• Material provided:
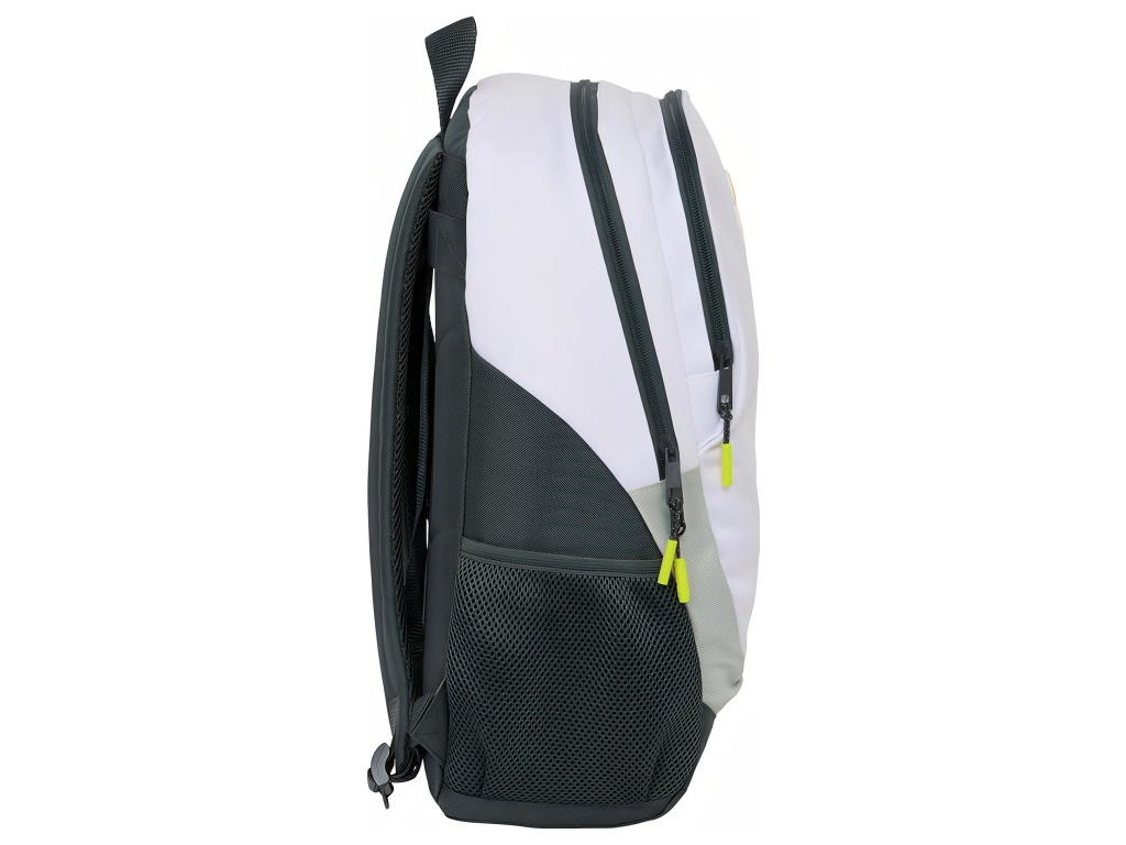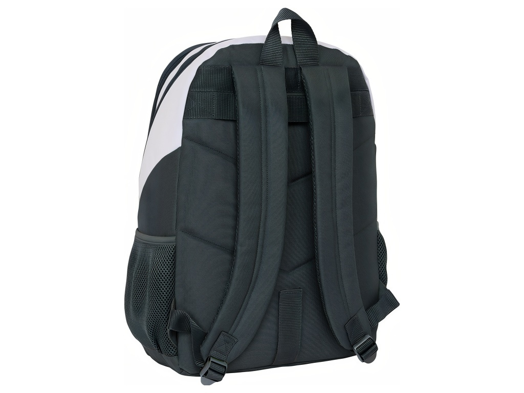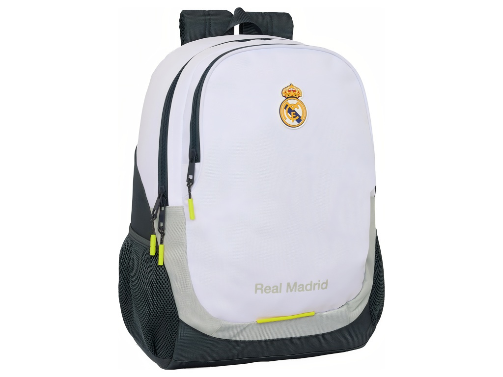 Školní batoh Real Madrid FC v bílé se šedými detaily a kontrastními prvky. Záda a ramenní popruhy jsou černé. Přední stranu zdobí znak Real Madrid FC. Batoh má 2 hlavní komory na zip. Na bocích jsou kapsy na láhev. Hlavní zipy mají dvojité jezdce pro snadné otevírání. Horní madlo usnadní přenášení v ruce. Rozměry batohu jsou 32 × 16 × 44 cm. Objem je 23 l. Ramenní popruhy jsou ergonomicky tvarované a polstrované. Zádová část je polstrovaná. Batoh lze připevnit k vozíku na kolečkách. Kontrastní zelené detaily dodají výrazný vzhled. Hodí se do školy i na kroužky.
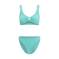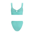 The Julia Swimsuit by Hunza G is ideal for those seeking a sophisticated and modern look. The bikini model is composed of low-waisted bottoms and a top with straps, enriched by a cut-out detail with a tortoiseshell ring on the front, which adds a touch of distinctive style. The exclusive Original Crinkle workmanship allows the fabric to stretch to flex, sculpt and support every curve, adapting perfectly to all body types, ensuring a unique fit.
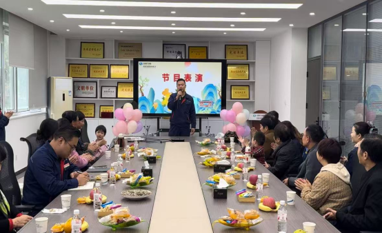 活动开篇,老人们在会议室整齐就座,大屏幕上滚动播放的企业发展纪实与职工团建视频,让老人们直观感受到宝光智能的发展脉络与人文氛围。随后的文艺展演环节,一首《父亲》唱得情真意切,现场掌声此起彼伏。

---

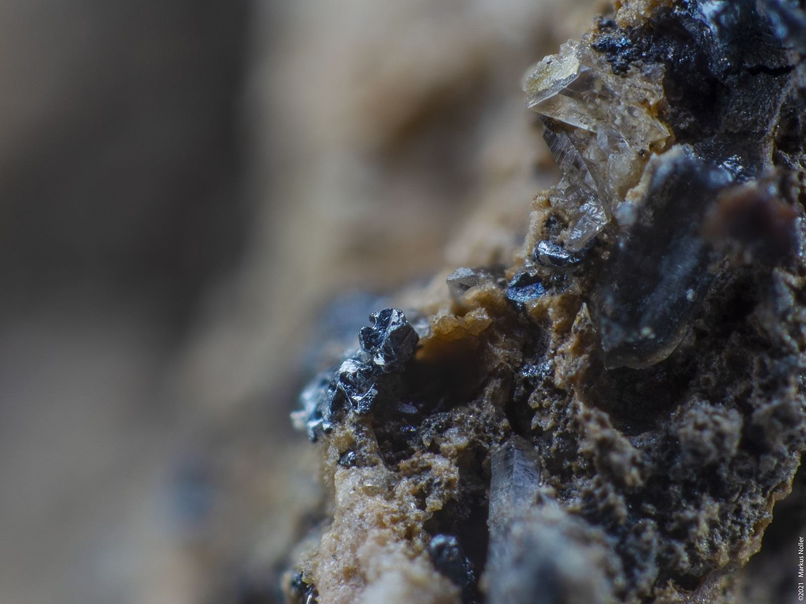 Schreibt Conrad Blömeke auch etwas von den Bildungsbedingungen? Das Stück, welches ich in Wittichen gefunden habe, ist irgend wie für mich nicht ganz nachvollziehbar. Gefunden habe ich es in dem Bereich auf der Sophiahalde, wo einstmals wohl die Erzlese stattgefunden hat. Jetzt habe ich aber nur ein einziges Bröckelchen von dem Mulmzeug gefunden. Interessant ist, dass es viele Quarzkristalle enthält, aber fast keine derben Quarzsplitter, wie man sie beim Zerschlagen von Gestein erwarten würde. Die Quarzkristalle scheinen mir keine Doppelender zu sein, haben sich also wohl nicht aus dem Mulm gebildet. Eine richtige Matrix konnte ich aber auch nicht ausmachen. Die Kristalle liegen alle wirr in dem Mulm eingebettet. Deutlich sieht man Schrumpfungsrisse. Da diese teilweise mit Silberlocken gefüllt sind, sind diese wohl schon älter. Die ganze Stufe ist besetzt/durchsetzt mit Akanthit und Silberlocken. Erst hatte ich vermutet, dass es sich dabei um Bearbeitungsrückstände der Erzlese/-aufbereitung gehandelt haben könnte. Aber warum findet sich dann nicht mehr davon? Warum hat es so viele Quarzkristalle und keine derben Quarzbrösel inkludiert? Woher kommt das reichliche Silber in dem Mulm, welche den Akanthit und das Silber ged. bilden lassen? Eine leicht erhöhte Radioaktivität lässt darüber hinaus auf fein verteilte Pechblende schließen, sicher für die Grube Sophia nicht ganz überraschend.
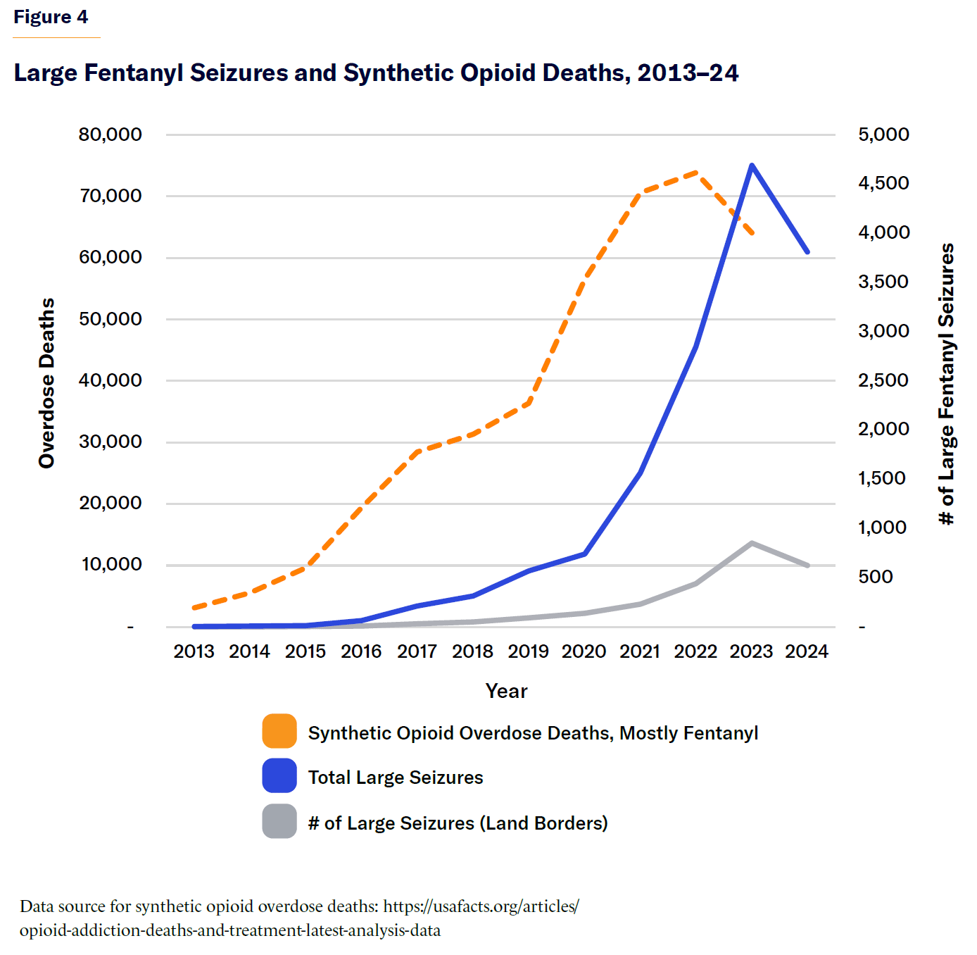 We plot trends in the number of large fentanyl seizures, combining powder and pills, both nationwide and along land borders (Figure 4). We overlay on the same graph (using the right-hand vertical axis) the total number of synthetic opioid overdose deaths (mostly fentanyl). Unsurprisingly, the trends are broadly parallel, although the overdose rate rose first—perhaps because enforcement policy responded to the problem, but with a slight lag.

---

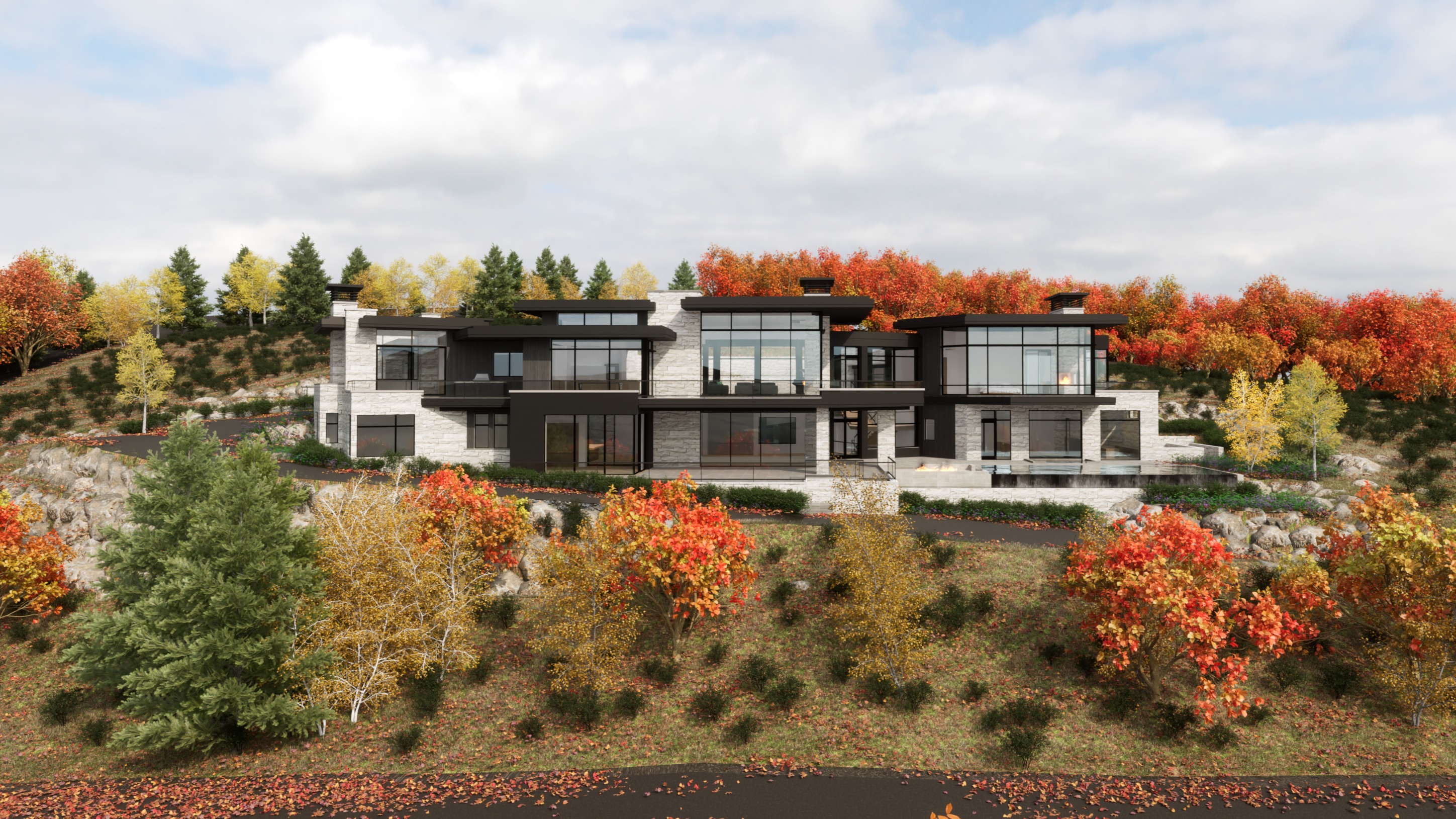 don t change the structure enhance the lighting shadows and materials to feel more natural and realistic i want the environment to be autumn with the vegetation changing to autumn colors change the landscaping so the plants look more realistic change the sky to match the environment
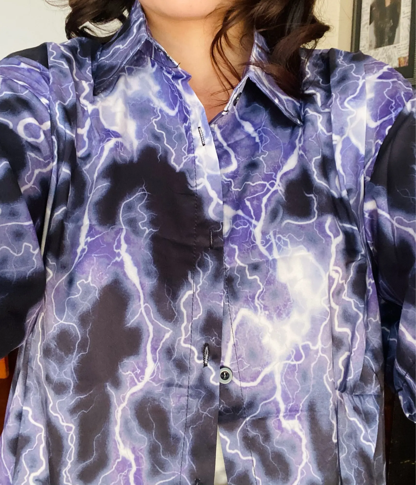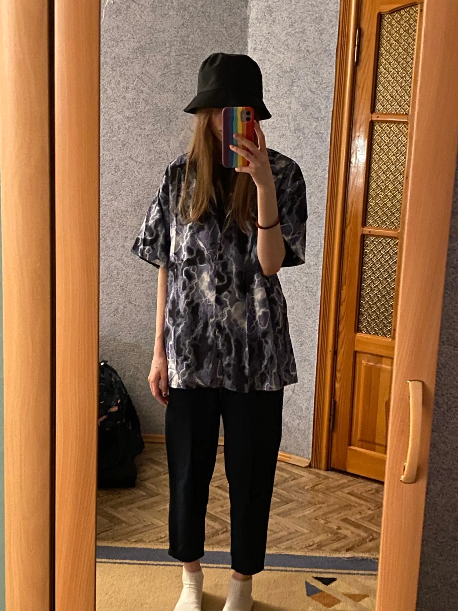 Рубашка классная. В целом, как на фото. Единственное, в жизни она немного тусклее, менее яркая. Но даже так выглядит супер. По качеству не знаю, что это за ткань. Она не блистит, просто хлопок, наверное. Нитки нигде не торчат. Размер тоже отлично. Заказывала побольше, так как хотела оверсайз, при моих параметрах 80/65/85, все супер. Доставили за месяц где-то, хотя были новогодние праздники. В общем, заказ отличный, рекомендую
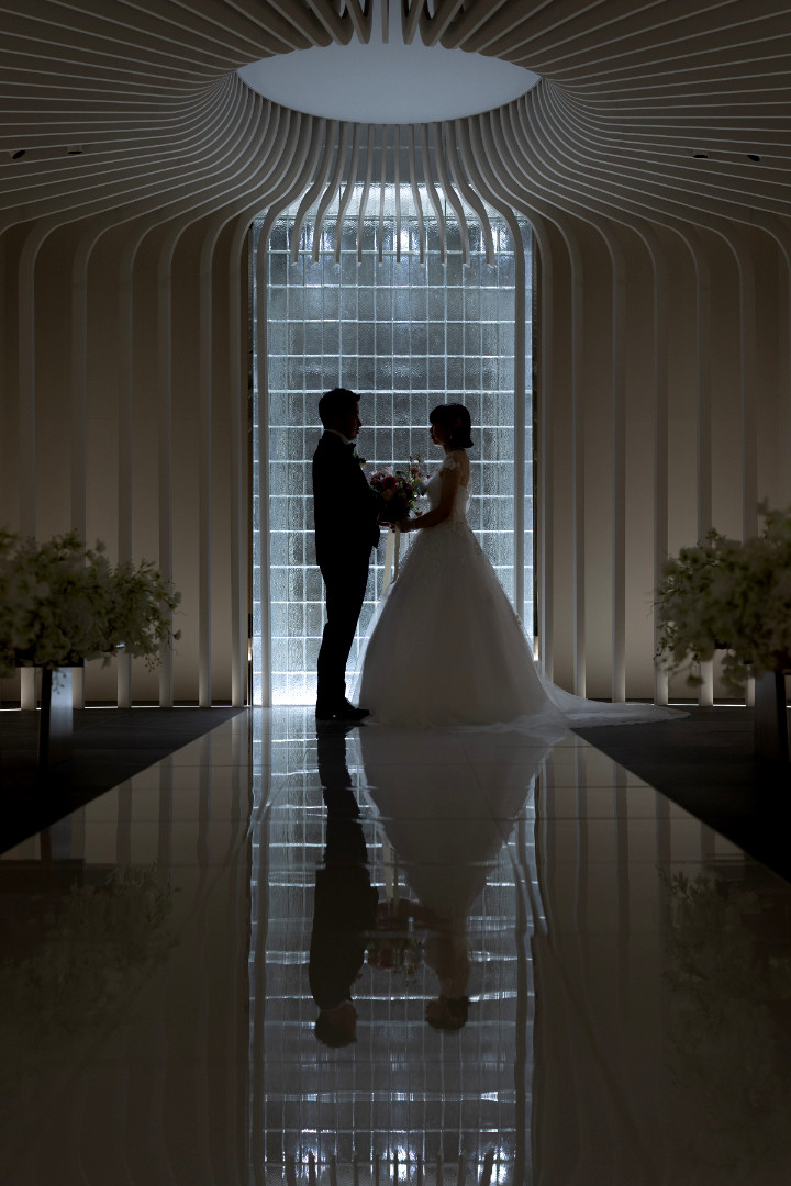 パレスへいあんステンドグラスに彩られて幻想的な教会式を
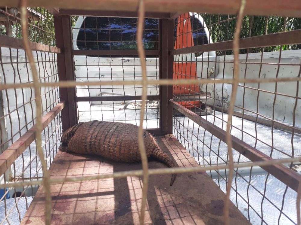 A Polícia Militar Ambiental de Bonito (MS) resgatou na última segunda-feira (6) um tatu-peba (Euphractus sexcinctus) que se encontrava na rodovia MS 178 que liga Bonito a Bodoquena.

• Goal of the exercise:
Every line above in the stretch from the one with "don t change" through the one with "A Polícia Militar" is to be transcribed exactly, ends included. No picture is copied.

• Task answer:
 don t change the structure enhance the lighting shadows and materials to feel more natural and realistic i want the environment to be autumn with the vegetation changing to autumn colors change the landscaping so the plants look more realistic change the sky to match the environment
 Рубашка классная. В целом, как на фото. Единственное, в жизни она немного тусклее, менее яркая. Но даже так выглядит супер. По качеству не знаю, что это за ткань. Она не блистит, просто хлопок, наверное. Нитки нигде не торчат. Размер тоже отлично. Заказывала побольше, так как хотела оверсайз, при моих параметрах 80/65/85, все супер. Доставили за месяц где-то, хотя были новогодние праздники. В общем, заказ отличный, рекомендую
 パレスへいあんステンドグラスに彩られて幻想的な教会式を
 A Polícia Militar Ambiental de Bonito (MS) resgatou na última segunda-feira (6) um tatu-peba (Euphractus sexcinctus) que se encontrava na rodovia MS 178 que liga Bonito a Bodoquena.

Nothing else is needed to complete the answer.